Uit de Chandogya Upanishad

Een jongeman, Shvetaketu, wordt door zijn vader onderricht over het werkelijke in de dingen. Hoewel hem al het een en ander helder is, vraagt de zoon almaar door, als een kind dat steeds een nieuwe waaromvraag opwerpt. Waarom weet een mens niet wie hij is? Waarom vergeet hij zichzelf? Hoe kan de veelheid der dingen voortkomen uit iets wat één en ondeelbaar is?

Als Shvetaketu zijn vader vraagt naar de oorsprong van alles en waarom deze uit zicht blijft, draagt die hem op een vrucht te halen van de vijgenboom en deze open te breken. De zoon doet als gezegd en de vader vraagt hem wat hij ziet. “Pitten”, zegt de zoon. Vervolgens vraagt de vader zijn zoon een van de pitten open te breken en te vertellen wat hij ziet.

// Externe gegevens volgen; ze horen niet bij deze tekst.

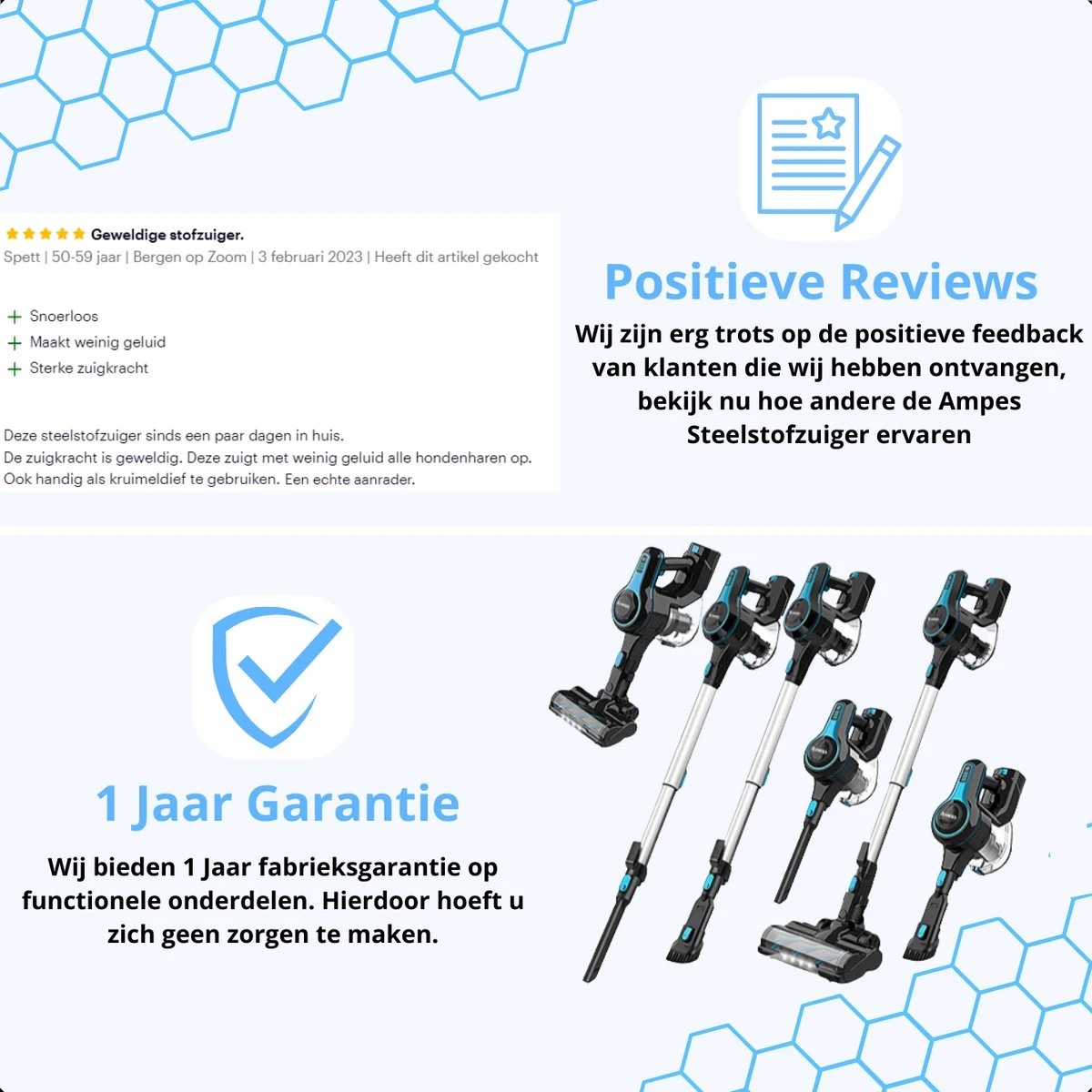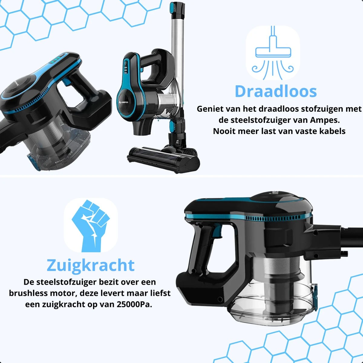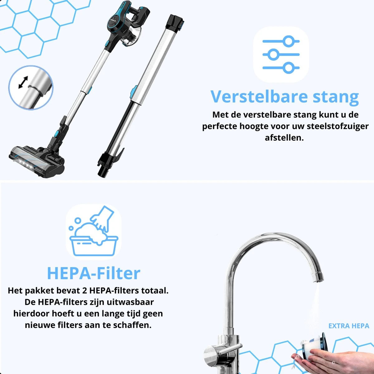 Nettoyez rapidement votre chambre sans vous soucier des câbles et des cordons. Nettoyez votre maison en un rien de temps avec l’aspirateur-balai sans fil 6 en 1. L’aspirateur est léger, maniable et contrairement aux autres aspirateurs-balais, la bouche peut pivoter à 180° ! L’aspirateur-balai est plus rapide et plus puissant que les types comparables. Même les endroits les plus difficiles d’accès sont faciles à nettoyer grâce aux 3 accessoires différents fournis. Cet aspirateur-balai est également équipé de filtres HEPA, ce qui le rend encore plus hygiénique, la batterie tient facilement 45 minutes, suffisamment de temps pour faire n’importe quel travail !

De zoon doet opnieuw als gezegd, maar kan nu niets waarnemen. Dat wat zich aan het oog onttrekt, onderwijst zijn vader hem dan, is waaruit deze hele boom tevoorschijn kwam. “Je ziet het niet, maar het is er wel degelijk. Dat, die subtiele essentie, is het Zelf van deze wereld. Dat is het Werkelijke. Dat is het Zelf in jou, Shvetaketu. Dat ben jij.”